- Length: 8.3 mi (13.4 km)
- Location: Teton Range
- Trailheads: Valley Trail Granite Canyon Trail
- Use: Hiking
- Elevation change: Approximate gain of 2,500 ft (760 m)
- Highest point: Mount Hunt Divide, 9,698 ft (2,956 m)
- Lowest point: Valley Trail, 7,200 ft (2,200 m)
- Difficulty: Strenuous
- Season: Summer to Fall
- Sights: Teton Range
- Hazards: Severe weather

= Open Canyon Trail =

Hiking trail in Wyoming, United States

The Open Canyon Trail is a 8.3 mi long hiking trail in Grand Teton National Park in the U.S. state of Wyoming. The trail begins at a junction with the Valley Trail and is most easily accessed with a 3 mi hike on the Valley Trail from the trailhead near the White Grass Ranger Station Historic District.

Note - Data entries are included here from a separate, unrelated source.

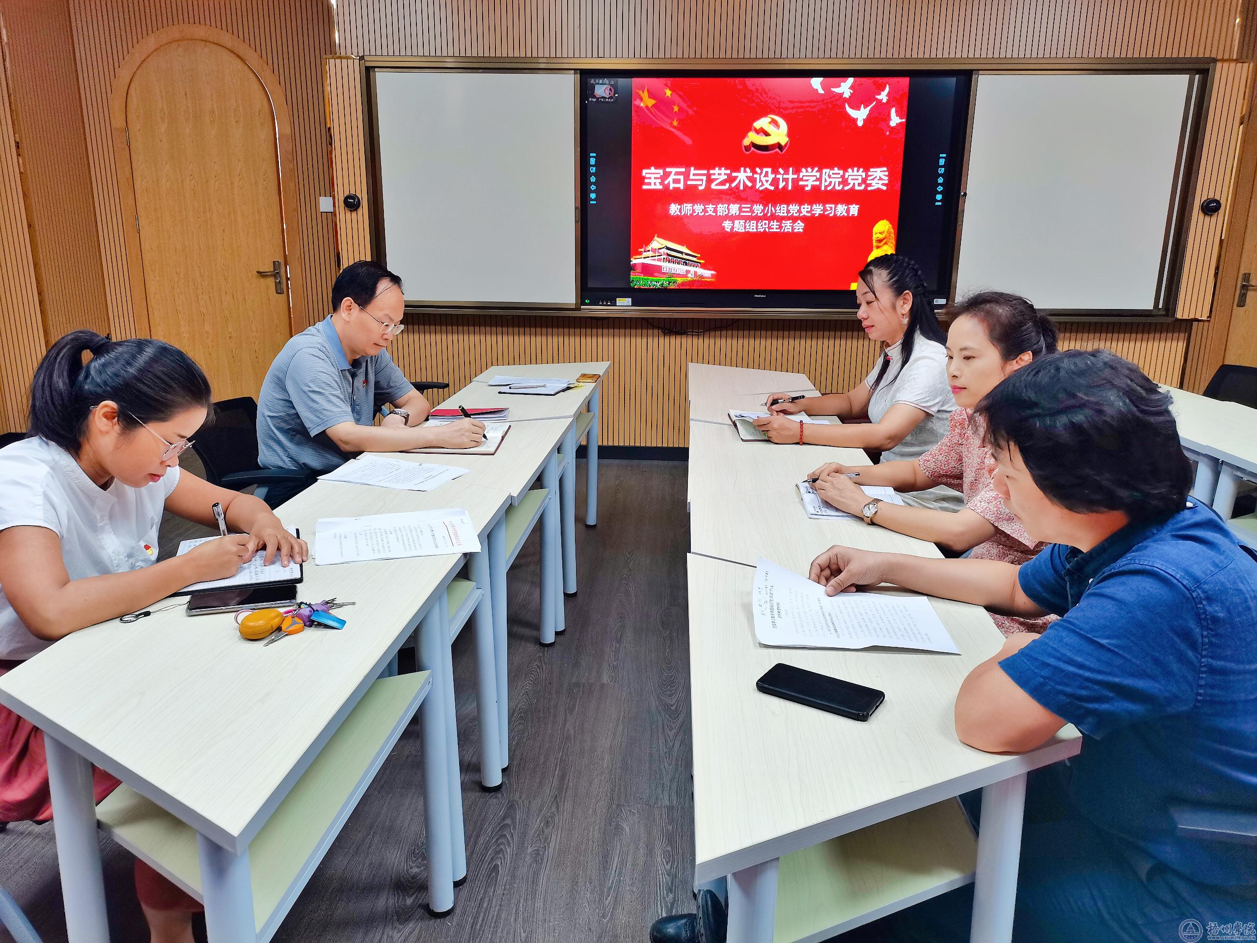 7月7日下午,宝石与艺术设计学院教师党支部召开党史学习教育专题组织生活会。学校纪委书记梁业华以普通党员身份参加了生活会,学院全体教师党员参加会议。
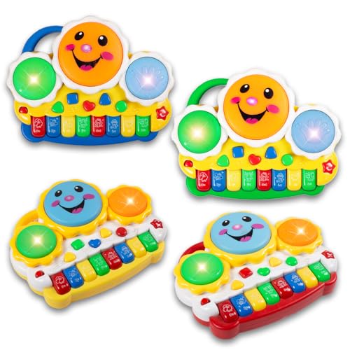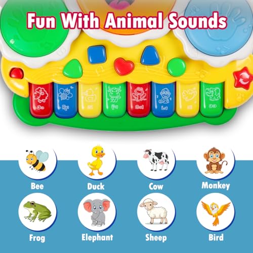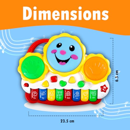 GOOYO musical drum piano keyboard toy an excellent introduction to music, with this easy-to-use drum and piano toddler toy. The Round-Edging Design ensures that babies and toddlers will not be harmed by hard edges. . It helps to enhance creativity, musical potential, and develop their character and personality. Our baby piano toy is equipped with cartoon digital signs and bright colors which attractive for babies. Music toys are an essential part of well-rounded play.
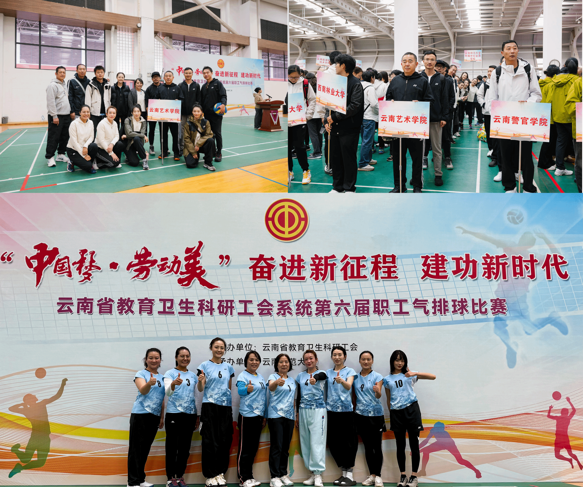 10月26日,“中国梦 劳动美”奋进新时代 建功新征程——云南省教育卫生科研工会系统第六届职工气排球比赛在云南师范大学圆满落幕。经过五天的激烈角逐,我校教职工代表队凭借顽强拼搏的斗志,一路过关斩将,从众多参赛队伍中脱颖而出,最终荣获教育系统乙组男子第四名、女子第三名的优异成绩。
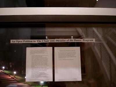 We have updates up to May 19, 2009 - at that point last year we no longer had the energy to continue a conversation with the University which had proven to be largely unproductive. However, as the Dance and University administration in general has not and will not fulfill the task of making their processes transparent and widely accessible, we must do it here. The upkeep of the standards of documentation and reportage as in keeping with our editorial policies will take some time. Please be patient. You may email us with any specific questions, concerns, or suggestions.
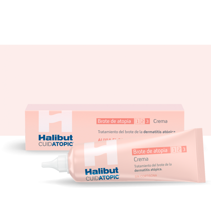 Halibut Cuidatopic Brote de atopia contiene una exclusiva combinación de ingredientes que, gracias a la formación de una película sobre la piel, alivia el picor, ayuda a calmar y a aliviar la piel irritada reduciendo el eritema y favoreciendo el proceso de recuperación natural de la piel.
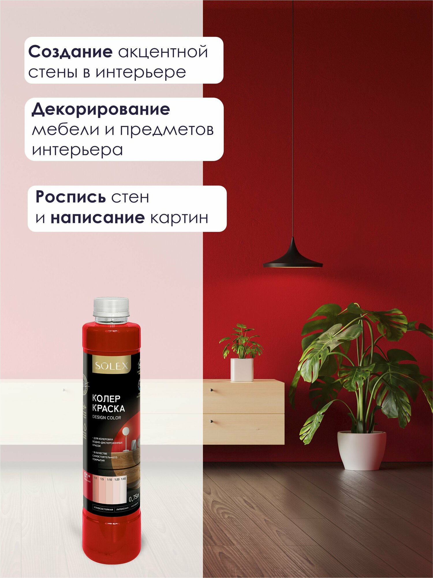 Ниже Вы можете прочитать отзывы на Краска колеровочная SOLEX красный 0,75л бутылка ПЭТ, ознакомится с подробными характеристиками, посмотреть интересные обзоры и фотографии на Краска колеровочная SOLEX красный 0,75л бутылка ПЭТ.
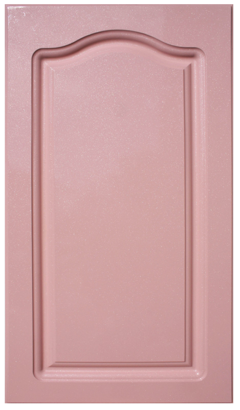 Кухня, с ламинированными фасадами глянцевой пленкой PVC, розового цвета с эффектом
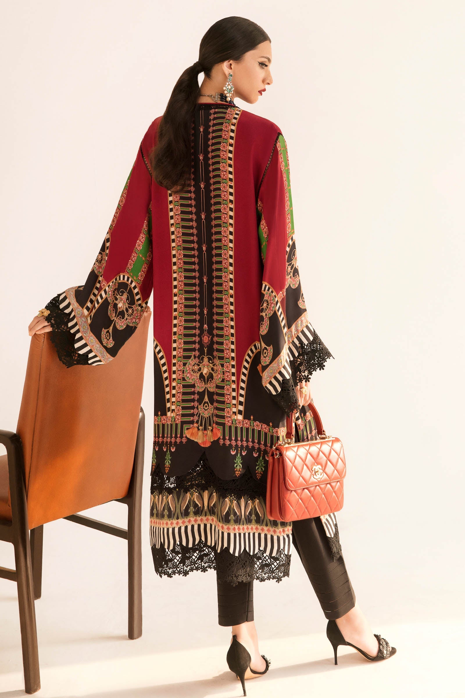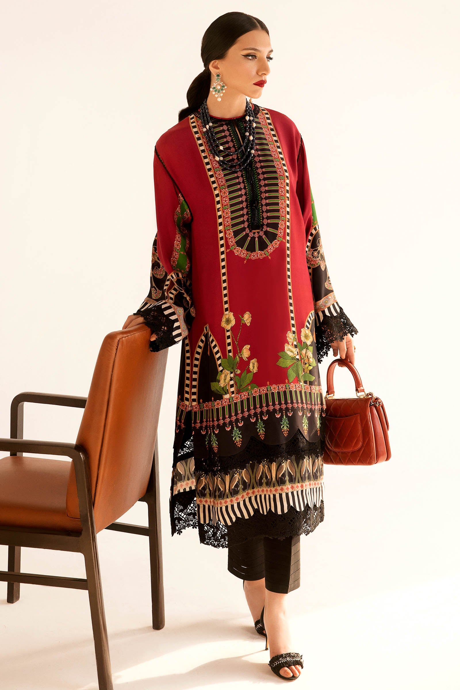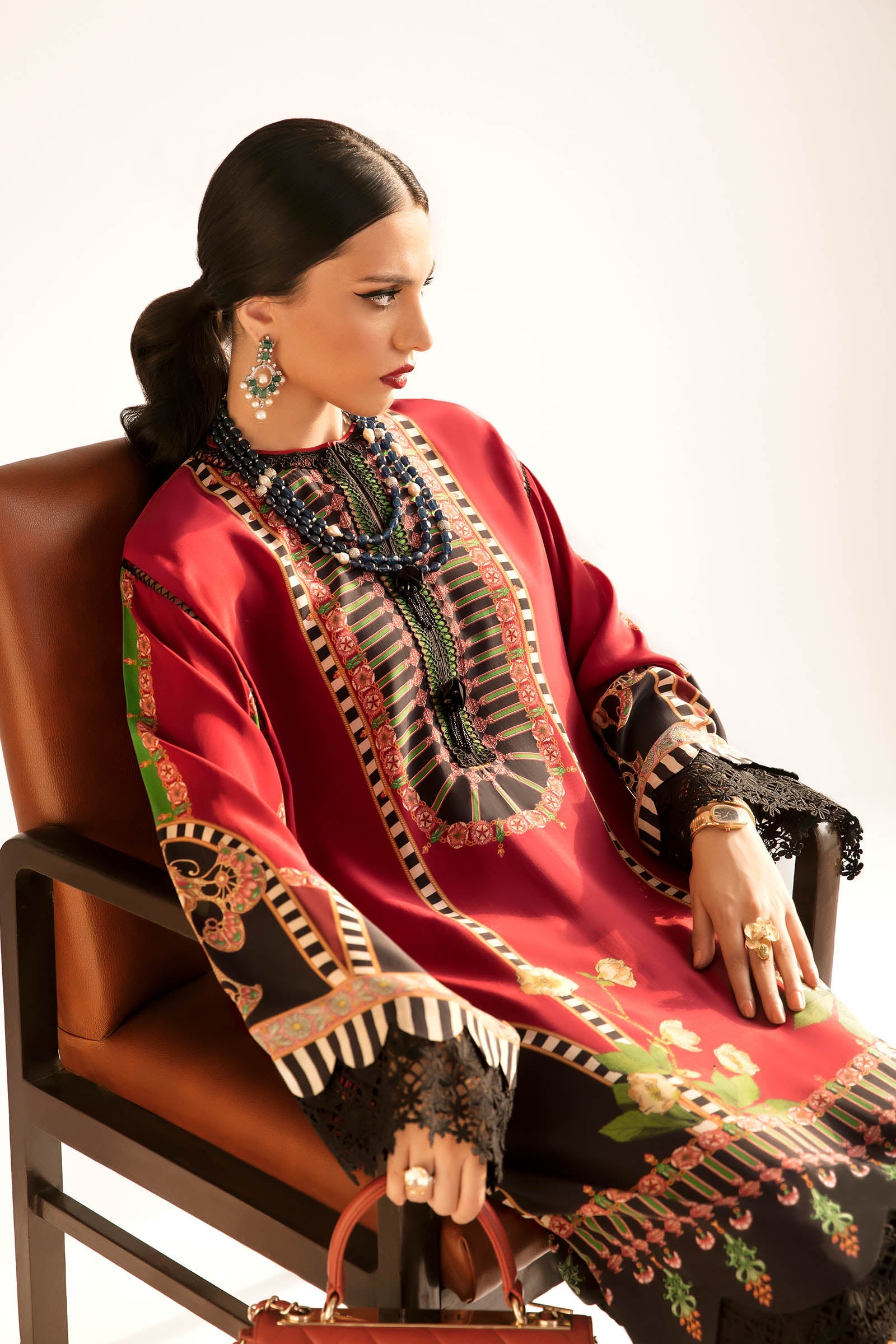 Rendered in the bright hue of scarlet and accents of ebony, ‘Sarv’ is decorated with wild flora juxtaposed with tessellated patterns depicting vivid, contrasting colours of moss, ivory and laguna yellow. This chic silhouette is adorned with delicate lace details in obsidian to curate a look perfect for al fresco affairs and soirées.
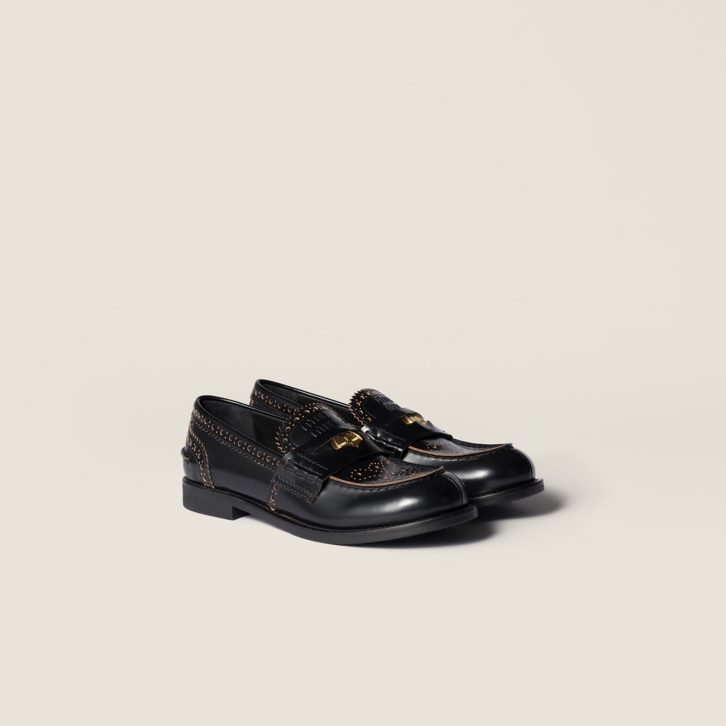 These loafers inspired by the codes of the preppy uniform stand out for the penny detail and particular perforated leather that adds an artisan character and elegance to their iconic silhouette. - Product code: 5D506E_070_F0002_F_020 - Upper with perforations - Apron with leather band and logo-engraved coin - Rubber sole - Heel height: 20 mm - Leather insole - Logo embossed on the tone and screen-printed on the insole - Imported Materials Main material: Calfskin
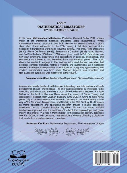 In his book, Mathematical Milestones, Professor Clement Falbo, PhD, shares many of the interesting historical anecdotes about mathematics. When Archimedes invented calculus in 250 BCE, like the first snows of winter, it didn't stick, when it was reinvented in the 17th century, it did stick because of its necessity in burgeoning world-wide industrial activity. This time, Rene Descartes (1630), Pierre De Fermat (1635), Bonaventura Cavalieri (1635), Isaac Newton, and Gottfried Leibnitz (1660) and (1670) were given credit. In Falbo's book we see how new inventions, discoveries and applications in science, engineering, and economics contributed to and benefited from mathematical growth. This book allows the reader to engage in the exciting axiom-and-theorem narrative that develops complex numbers, matrices, vectors, and quaternions, all in historical contexts. Professor Falbo provides us with food for thought by hypothesizing that modern mathematics was born when Abstract Algebra was invented, and Non-Euclidean Geometry was discovered in the 1800's. -Professor Jean Chan, Mathematics Department, Sonoma State University Anyone who reads this book will discover interesting new information and fresh perspectives on well- known ideas. The brief calculus chapter by Professor Falbo is exciting and vibrant and even has a proof of the fundamental theorem. A unique feature of this book is the way Clem traces the history of Game Theory and Operations Research from Jiuzhan Suanshu (300 BCE) in China to Seki Kawa (1683 CE) in Japan to Gauss and Jordan in Germany in the 19th Century all the way to Von Neumann, Morgenstern, and Dantzig in the 20th Century. His Chapters on matrix applications and operations research provide a readily accessible introduction to the powerful Simplex Algorithm. We can see where artificial intelligence originated from the sections of the book that explore logic and game theory. The chapter "A Crisis in Mathematics" in the books last section, describes how Kurt Godel, in 1931 destroyed mathematicians' dreams of having a discipline that was both comprehensive and consistent. -Professor Ken Ross, Mathematics Department, The University of Oregon
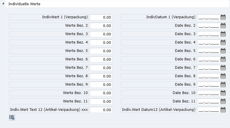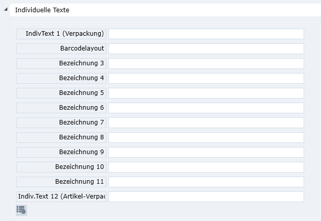 Anpassung der Feldbeschriftungen für die Individuellen Texte und Werte
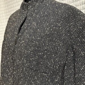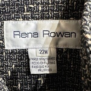 Elegant tweed blazer by Rena Rowan. Features a classic black and cream pattern. Perfect for formal or casual wear. Runs Small.
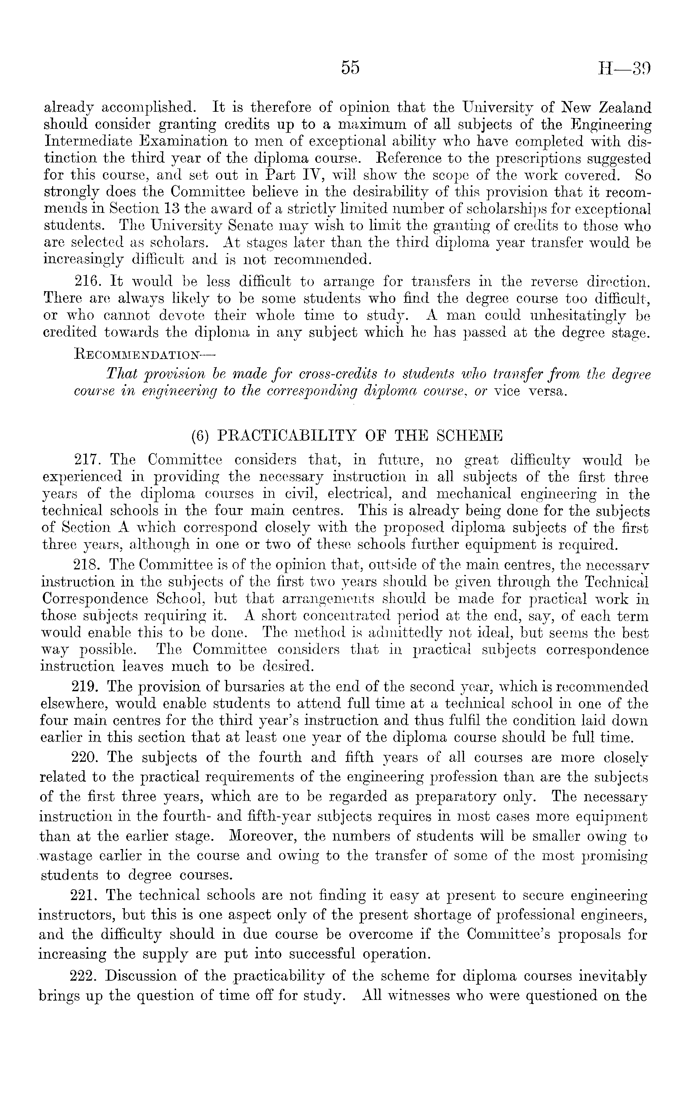 already accomplished. It is therefore of opinion that the University of New Zealand should consider granting credits up to a maximum of all subjects of the Engineering Intermediate Examination to men of exceptional ability who have completed with distinction the third year of the diploma course. Reference to the prescriptions suggested for this course, and set out in Part IV, will show the scope of the work covered. So strongly does the Committee believe in the desirability of this provision that it recommends in Section 13 the award of a strictly limited number of scholarships for exceptional students. The University Senate may wish to limit the granting of credits to those who are selected as scholars. At stages later than the third diploma year transfer would be increasingly difficult and is not recommended. 216. It would be less difficult to arrange for transfers in the reverse direction. There are always likely to be some students who find the degree course too difficult, or who cannot devote their whole time to study. A man could unhesitatingly be credited towards the diploma in any subject which he has passed at the degree stage. Recommendation— That provision be made for cross-credits to students who transfer from the degree course in engineering to the corresponding diploma course, or vice versa. (6) PRACTICABILITY OF THE SCHEME 217. The Committee considers that, in future, no great difficulty would be experienced in providing the necessary instruction in all subjects of the first three years of the diploma courses in civil, electrical, and mechanical engineering in the technical schools in the four main centres. This is already being done for the subjects of Section A which correspond closely with the proposed diploma subjects of the first three years, although in one or two of these schools further equipment is required. 218. The Committee is of the opinion that, outside of the main centres, the necessary instruction in the subjects of the first two years should be given through the Technical Correspondence School, but that arrangements should be made for practical work in those subjects requiring it. A short concentrated period at the end, say, of each term' would enable this to be done. The method is admittedly not ideal, but seems the best way possible. The Committee considers that in practical subjects correspondence instruction leaves much to be desired. 219. The provision of bursaries at the end of the second year, which is recommended elsewhere, would enable students to attend full time at a technical school in one of the four main centres for the third year's instruction and thus fulfil the condition laid down earlier in this section that at least one year of the diploma course should be full time. 220. The subjects of the fourth and fifth years of all courses are more closely related to the practical requirements of the engineering profession than are the subjects of the first three years, which are to be regarded as preparatory only. The necessary instruction in the fourth- and fifth-year subjects requires in most cases more equipment than at the earlier stage. Moreover, the numbers of students will be smaller owing to .wastage earlier in the course and owing to the transfer of some of the most promising students to degree courses. 221. The technical schools are not finding it easy at present to secure engineering instructors, but this is one aspect only of the present shortage of professional engineers, and the difficulty should in due course be overcome if the Committee's proposals for increasing the supply are put into successful operation. 222. Discussion of the of the scheme for diploma courses inevitably brings up the question of time off for study. All witnesses who were questioned on the
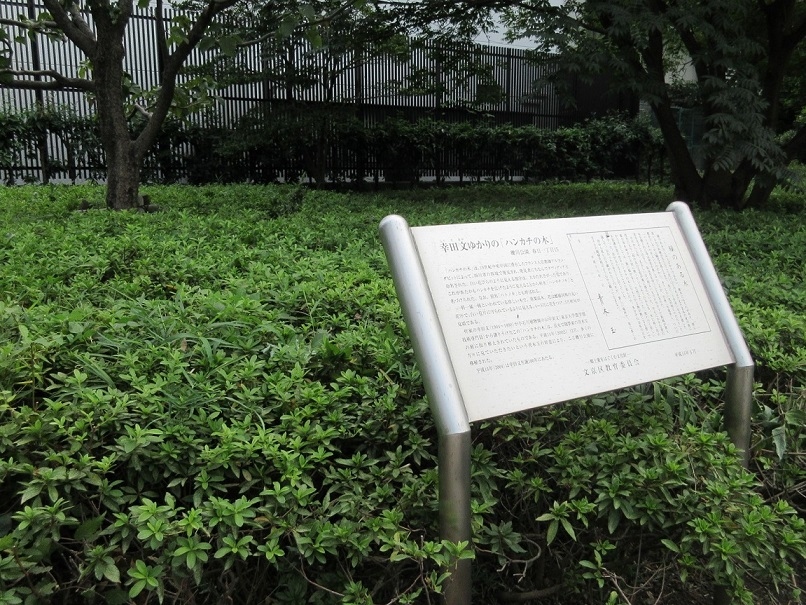 後楽園駅界隈を散策した際、春日通り沿いの礫川公園内に立ち寄った際、一見すると何の変哲もない木なのですが、手前に説明書きがあったので読んでみました。それによると幸田露伴と幸田文の家の庭にあった木を、こちらの礫川公園に移植した物とのこと。春の終わり頃にはハンカチをひろげたような形の葉が楽しめるとのことですが、私が訪問したのは10月でしたので、どういう姿か想像さえ出来ませんでした。よほど植物好きの方でない限り、気にも留めずに通り過ぎてしまうと思います。
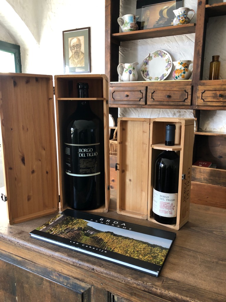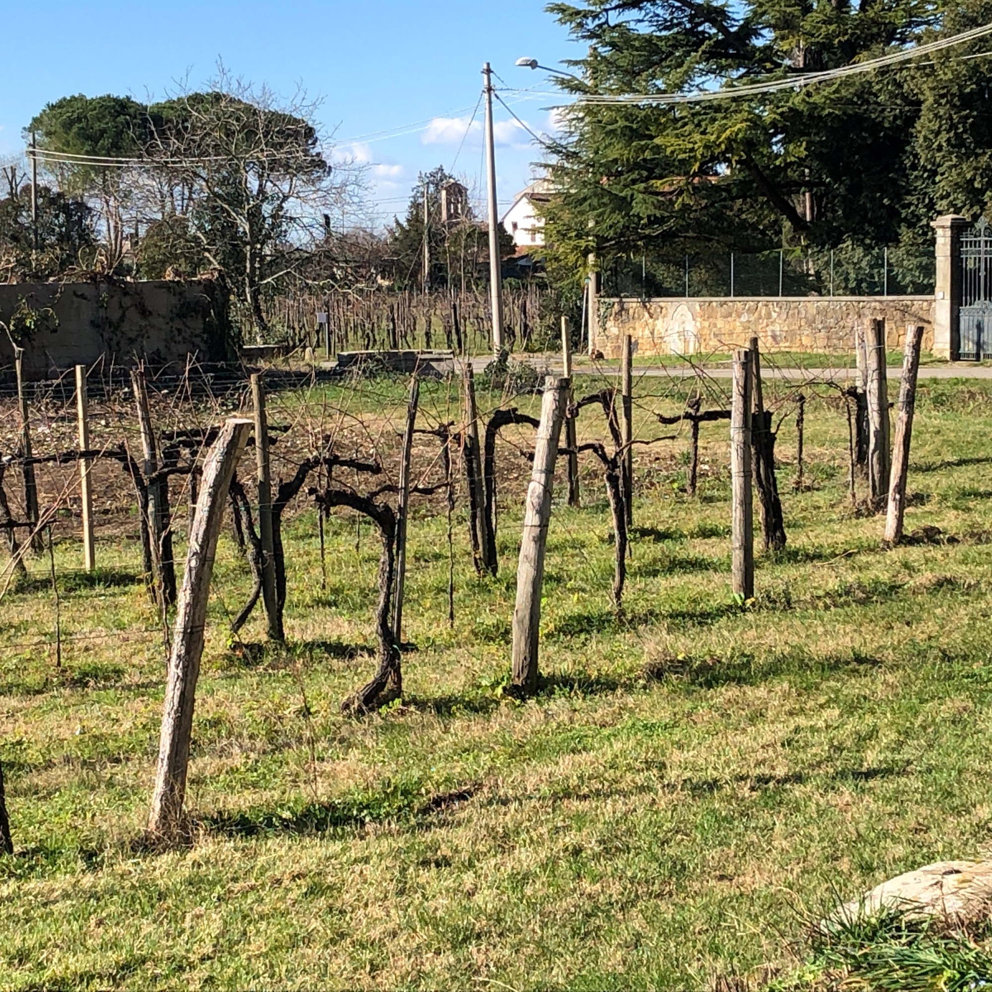 An archway embedded in the wall allowed me a glimpse of the terrain beyond – sloping uphill towards Slovenia. The land was manicured, rows upon rows of vines, all pruned and staked and ready for the new season’s growth. There was a young man tidying the vines. I stopped the car, stepped into the vineyard and wished him a good day. He asked me what I wanted and in a competent, but not very friendly manner asked me to follow him. He trotted off back down the lane on foot, I followed in the Mini. He directed me to park by the church and then beckoned for me to enter a village house with a shiny, brass plaque on the door. The sign said ‘Borgo del Tiglio’ which means Village or Hamlet of the Lime. This vineyard and it’s neighbours have been producing top quality white wines for the last twenty years. Rich, rounded wines to rival the very best Sauvignons of New Zealand.

From there the trail heads west from Phelps Lake to Mount Hunt Divide and then descends into Granite Canyon. The trail traverses the entire length of Open Canyon. Indian Lake and Coyote Lake as well as Mount Hunt can also be reached from the trail but each require off trail navigation to access. There are two different camping zones in the canyon which are available by permit.